Stratégies de récupération post-compétition chez les footballeurs masculins de niveau « élite ». Effets sur la performance : une revue systématique et méta-analyse

Kinesport
L’interaction entre la charge d’entraînement, la fatigue, l’adaptation et la récupération est un élément d’une extrême complexité, comportant des facteurs de natures très différentes. Les preuves actuelles soulignent qu’une récupération suffisante et optimale est nécessaire pour prévenir les problèmes de santé et atteindre des performances optimales. Ainsi, le choix des stratégies de récupération par les entraîneurs et les athlètes peut être crucial. Cependant, définir précisément le concept de « récupération post-exercice » est une mission difficile en raison du nombre de variables affectant la récupération optimale. 

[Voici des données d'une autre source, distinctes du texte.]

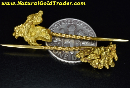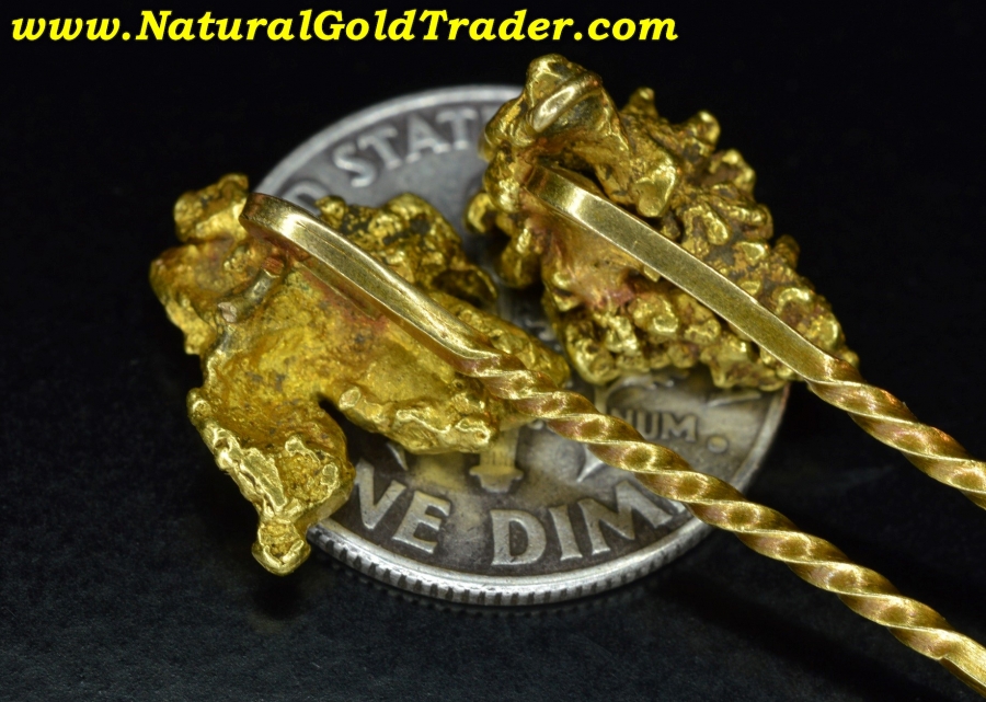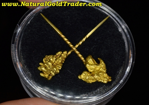 5.52 Gm. (2) Natural AK. Gold Nugget Stick-Pins
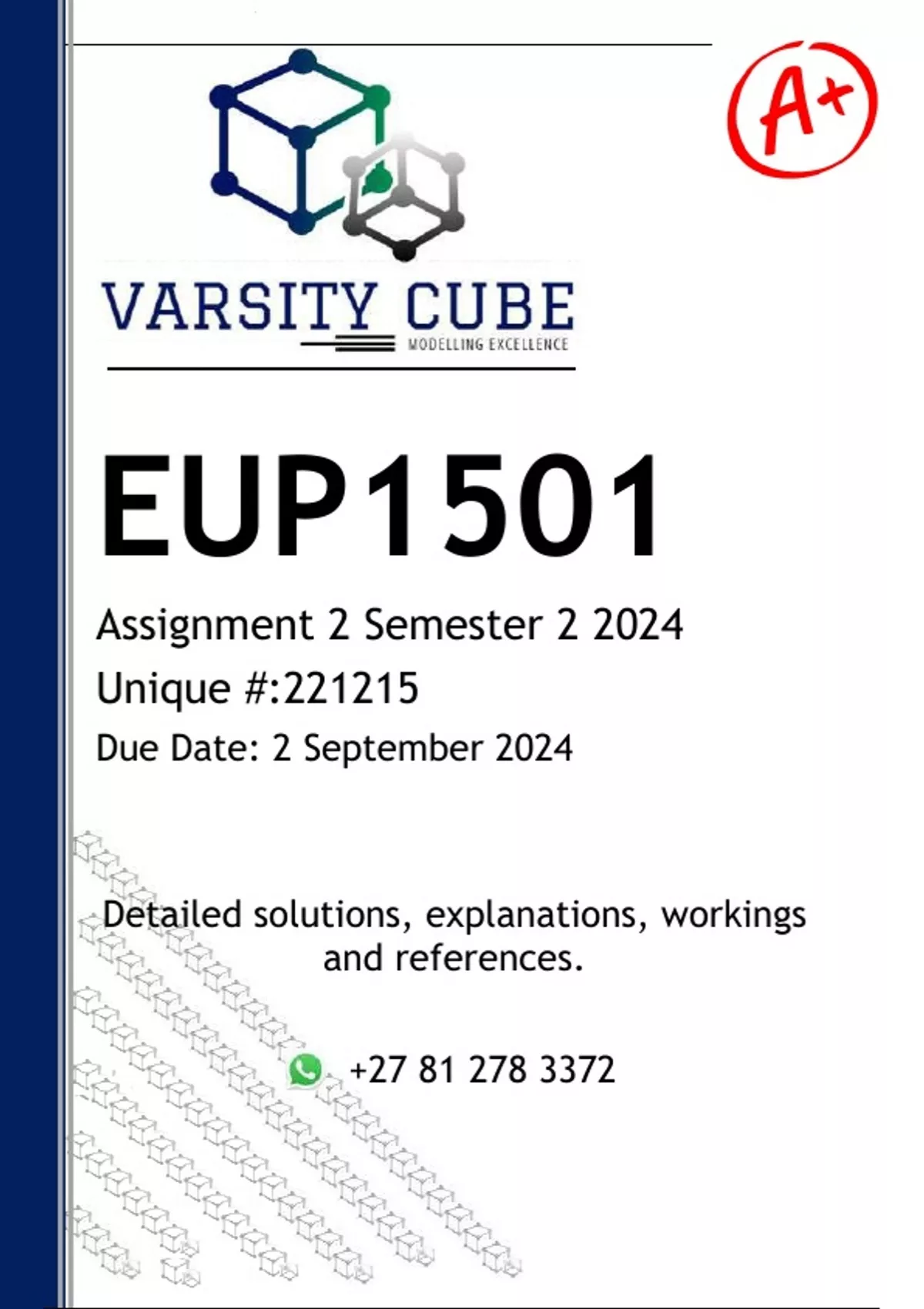 EUP1501 Assignment 2 (DETAILED ANSWERS) Semester 2 2024 - DISTINCTION GUARANTEED - DISTINCTION GUARANTEED - DISTINCTION GUARANTEED Answers, guidelines, workings and references .... 1 Open the Word document EUP1501-MS Word Assessment downloaded with this document. 0 2 Above existing text, Type Exciting Internship Opportunity for Aspiring Social Media Influencers!, and press enter. 5 3 Select the title, and from the Text Effects and Typography gallery, in the second row, apply the fourth effect. Change the font size to 44. 6 4 With the title still selected, display the Font Color palette, and then in the last column, apply the second color. Center the title. 5 5 Position the insertion point at the end of the first paragraph and press enter Twice. Then copy and paste the picture below: 4 6 Change the Height of the picture to 3.49 and then change the Layout Options to Square. 10 7 Using the Position command, display the Layout dialog box and then change the Horizontal Alignment to Right relative to the Margin. 5 8 Apply a 10 Point Soft Edges picture effect to the image and then display the Artistic Effects gallery. Apply the Crisscross Etching effect. 5 9 Deselect the picture. Apply a 3 pt Page Border to the document using the Shadow setting. Select the first style and then display the color palette. In the fourth column, select the first color. 6 10 After Requirements: press enter and draw a Text Box. Change the Height of the text box to 4.5 and the Width to 10. 8 11 In the text box, type the following text: Strong understanding of various social media platforms (Instagram, TikTok, YouTube, etc.) Creativity and a knack for storytelling through captivating content Excellent communication skills, both written and verbal Ability to collaborate effectively with team members and influencers 6 12 In the text box, change font size of all the text to 11. Apply Bold and Bullets 4 13 Apply a Shape Style to the text box—under Theme Styles, select Colored Outline – Blue Accent 5 4 14 Insert Your Student_Number in the footer. 4 15 Create a numbered list (I.,II.,III..) using the text below: What You'll Gain: 4 16 Change the line spacing for the first paragraph and last paragraph to 1.5 4 17 Save your file as “”EUP1501 - MS Word Assessment 2-YourStudentNumber” and close the file, and then upload for submission. 0
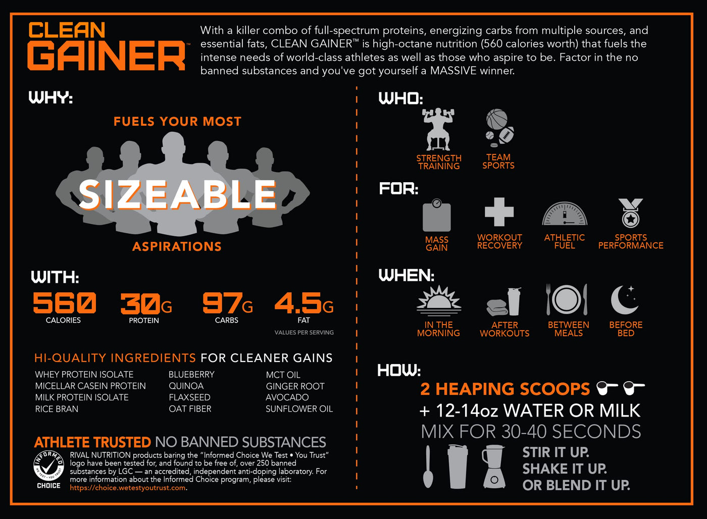 Rivalus Clean Gainer - Chocolate Fudge 10 Pound - Delicious Lean Mass Gainer
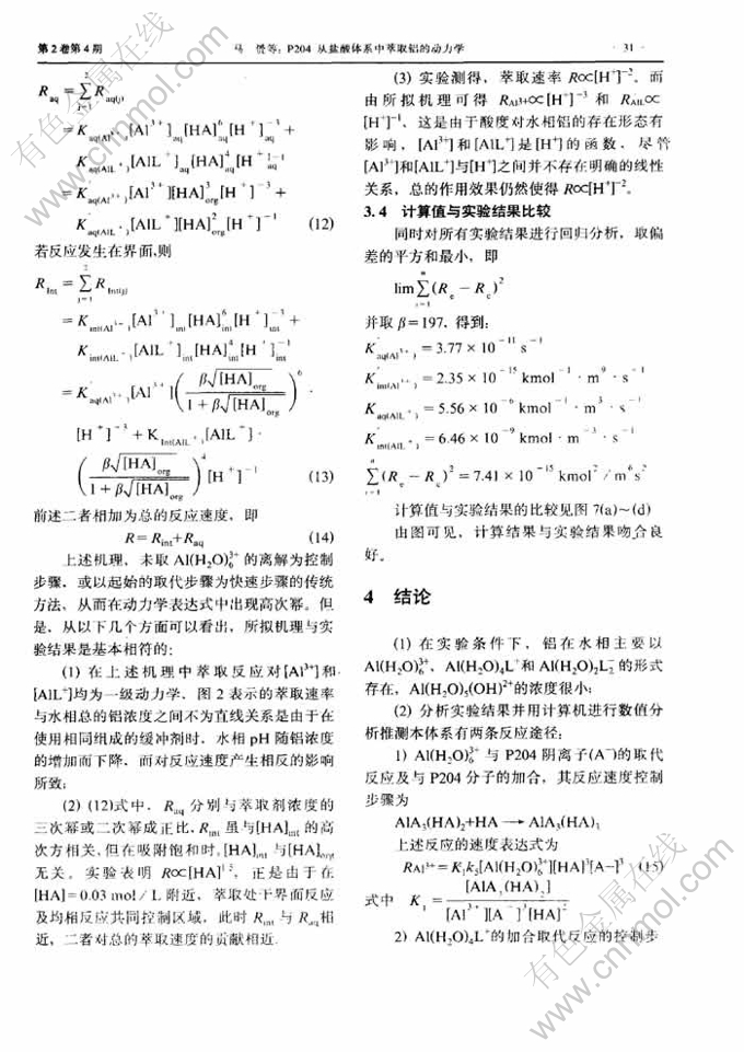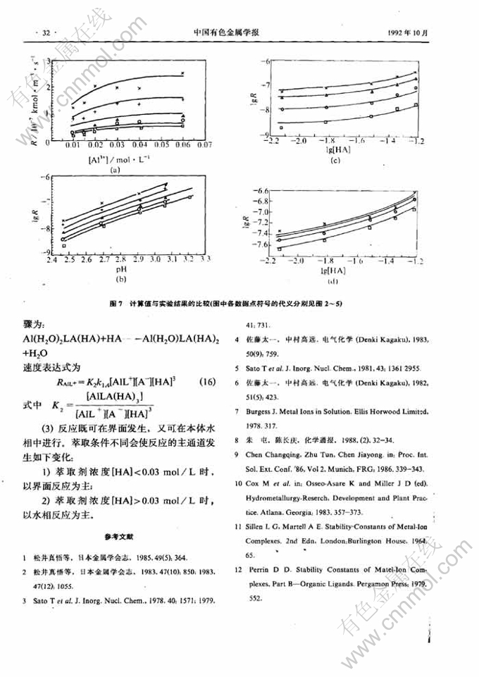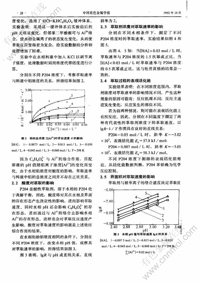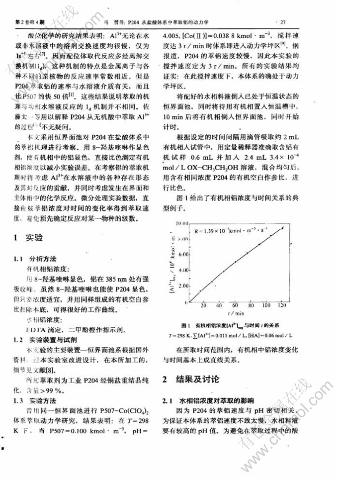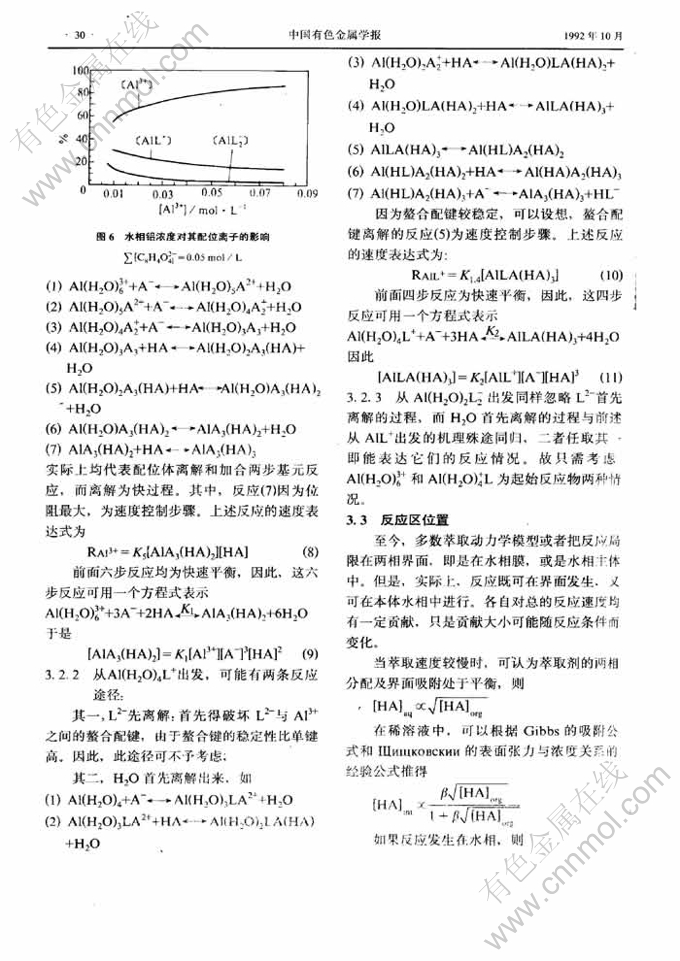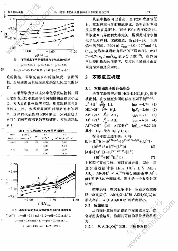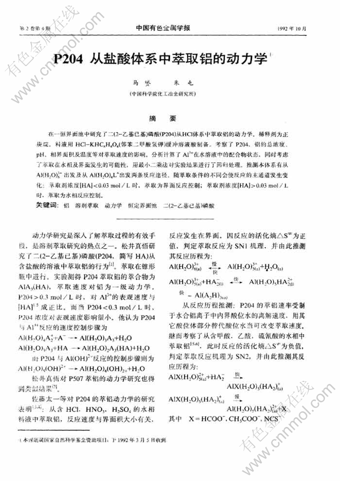 关键词:铝 溶剂萃取 动力学 恒定界面池 二(2—乙基已基)磷酸
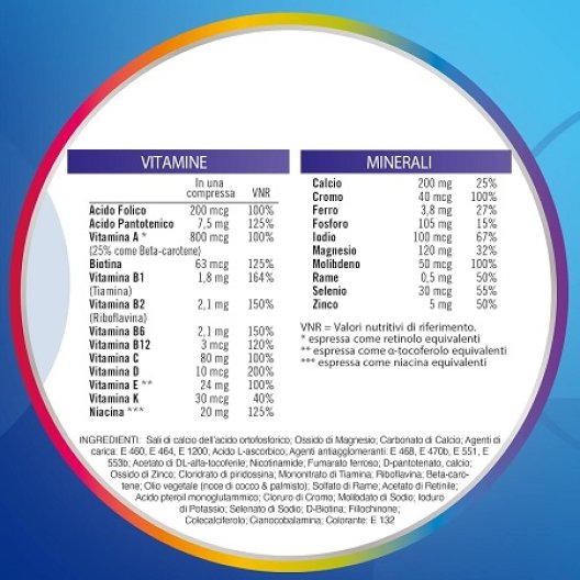 Sali di calcio dell'acido ortofosforico; Ossido di magnesio; Carbonato di calcio; Agenti di carica: E 460, E 464, E 1200; Acido L-ascorbico; Acetato di DL-alfa-tocoferile; Agenti antiagglomeranti: E 468, E 551, E 553b; Nicotinamide; Fumarato ferroso; Calcio D-pantotenato; Ossido di zinco; Solfato di manganese; Emulsionante: E 470b; Gelatina; Cloridrato di piridossina; Mononitrato di tiamina; Riboflavina; Beta-carotene; Olio vegetale (noce di cocco & palmisto); Solfato di rame; Acetato di retinile; Acido pteroil-monoglutammico; Cloruro di cromo; Molibdato di sodio; loduro di potassio; Selenato di sodio; D-biotina; Antiossidante: E 321; Fillochinone; Colecalciferolo; Cianocobalamina; Coloranti: E 171, E 132.
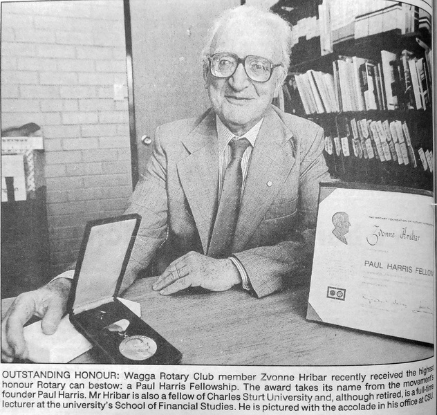 - Wagga Rotary Club member, Zvonne Hribar, was awarded Rotary’s highest honour, a Paul Harris Scholarship.
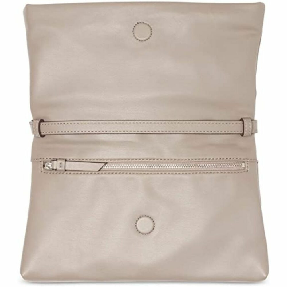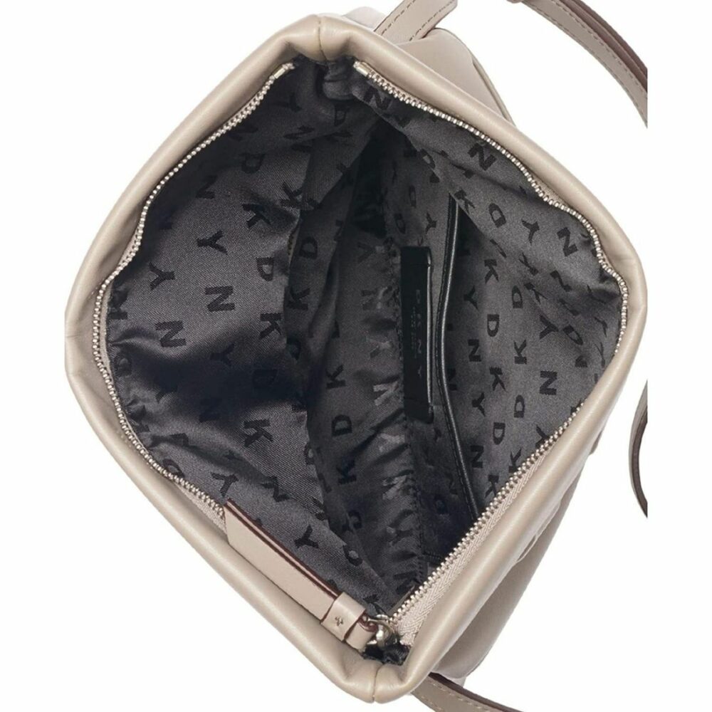 Cuenta con una hebilla de tono plateado pulido y un logotipo de la marca DKNY en relieve. Cierre magnético y solapa de cierre con cremallera, un bolsillo con cremallera interior y un bolsillo abierto. Ideal para uso diario, ya que podés combinarlo con facilidad.
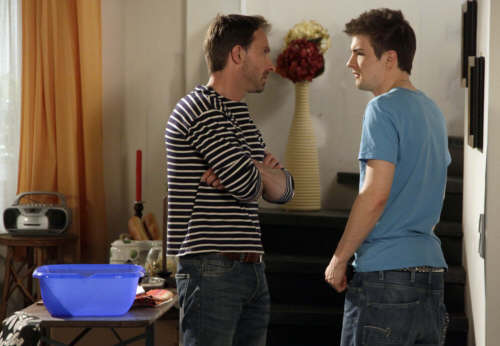 Melanie glaubt, dass Lilli ihr kündigen will. Als Melanie sich weiter weigert, sich von Sebastian zu trennen, sieht Lilli sich gezwungen, sie zu beurlauben. Melanie ist enttäuscht von ihren Freundinnen und erzählt Sebastian, dass sie überlegt, den Job bei Wetzmann aufzugeben. Alarmiert trennt sich Sebastian aus scheinbar selbstlosen Gründen von ihr. - Als Paul Bärbel von seiner nicht bestandenen Prüfung erzählen will, bringt er es angesichts ihrer Vorfreude über sein bestandenes Abi nicht übers Herz und lügt sie an. Doch Gaston kann er nichts vormachen und dieser setzt ihn unter Druck, die Nachprüfung wenigstens zu versuchen. Mit Hilfe von Theo und Rosa fängt er an, wie ein Verrückter zu lernen. Doch als er von Rosas Verliebtheit zu K.E.N. erfährt, wirft ihn das ganz aus dem Konzept. In einem unbedachten Moment gesteht er Theo die Liebe zu Rosa. ![]() Gaston (Nicolas König, l.) setzt seinen Sohn Paul (Joel Stuehl, r.) unter Druck. Er soll die Abi- Nachprüfung wenigstens versuchen. |
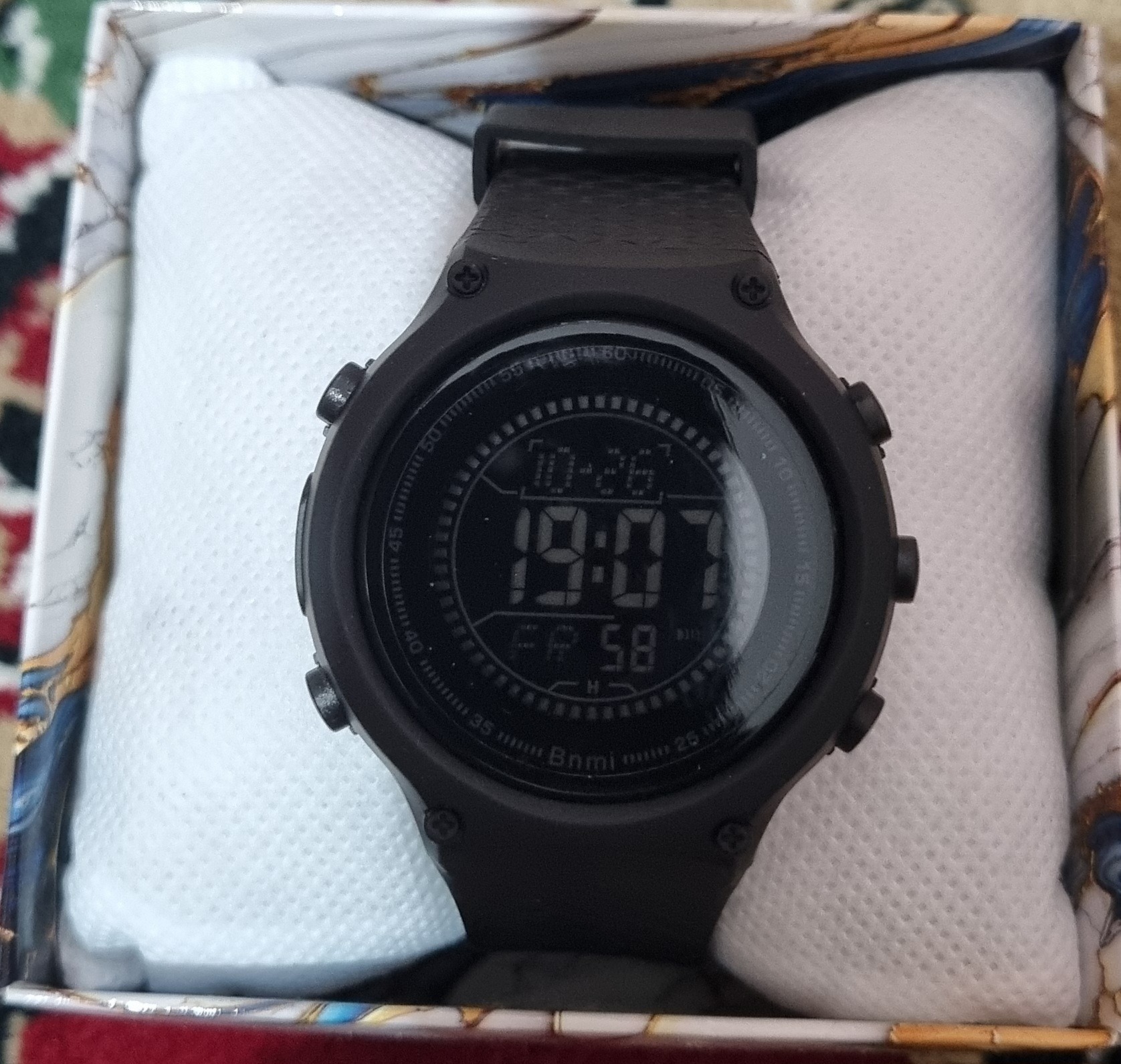 ساعت بنمی صفحه گرد بزرگ،ضد آب در حد شستشوی دست صفحه مشکی و بلک لایت سبز ،لازم به ذکر است در دسته بندی برند بنمی موجود نبوده
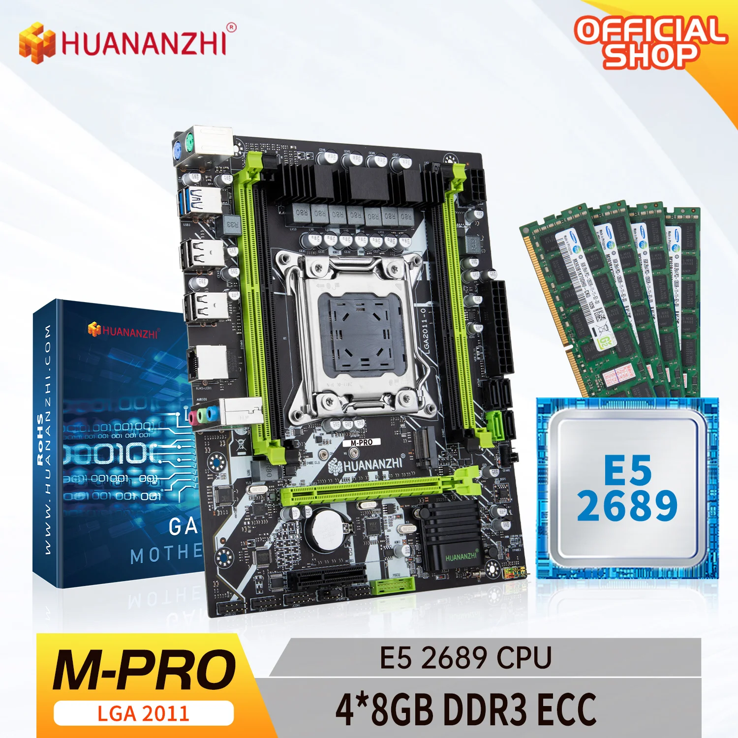 Comprar HUANANZHI-placa base X79 M PRO LGA 2011 XEON X79 con Intel E5 2689, kit combinado de memoria DDR3 RECC de 4x8GB, NVM
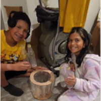 Es así como decidimos ( Luis y Eli) realizar un papelera con los tachos de jugos desechados en una tienda de desayunos.
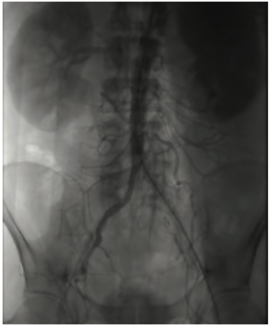 a. Access was through the left femoral artery. The common iliac into the aorta was significantly stenosed (>70%)

Si l’on se concentre sur les joueurs de football de niveau « élite » (professionnels et semi-professionnels), nous observons que le joueur moyen à ce niveau est exposé à un calendrier très chargé avec une moyenne de 60 matchs par saison, soit 5,5 matchs par mois ou un match tous les 4,3 jours. Par conséquent, beaucoup de stress physique et psychologique est imposé aux footballeurs professionnels. On estime que les joueurs qui participent à 2 matchs par semaine et qui ont une récupération de 4 jours ou moins entre les compétitions, ont 6 fois plus de risque de se blesser que ceux qui ne participent qu’à un seul et ont 6 jours ou plus de récupération.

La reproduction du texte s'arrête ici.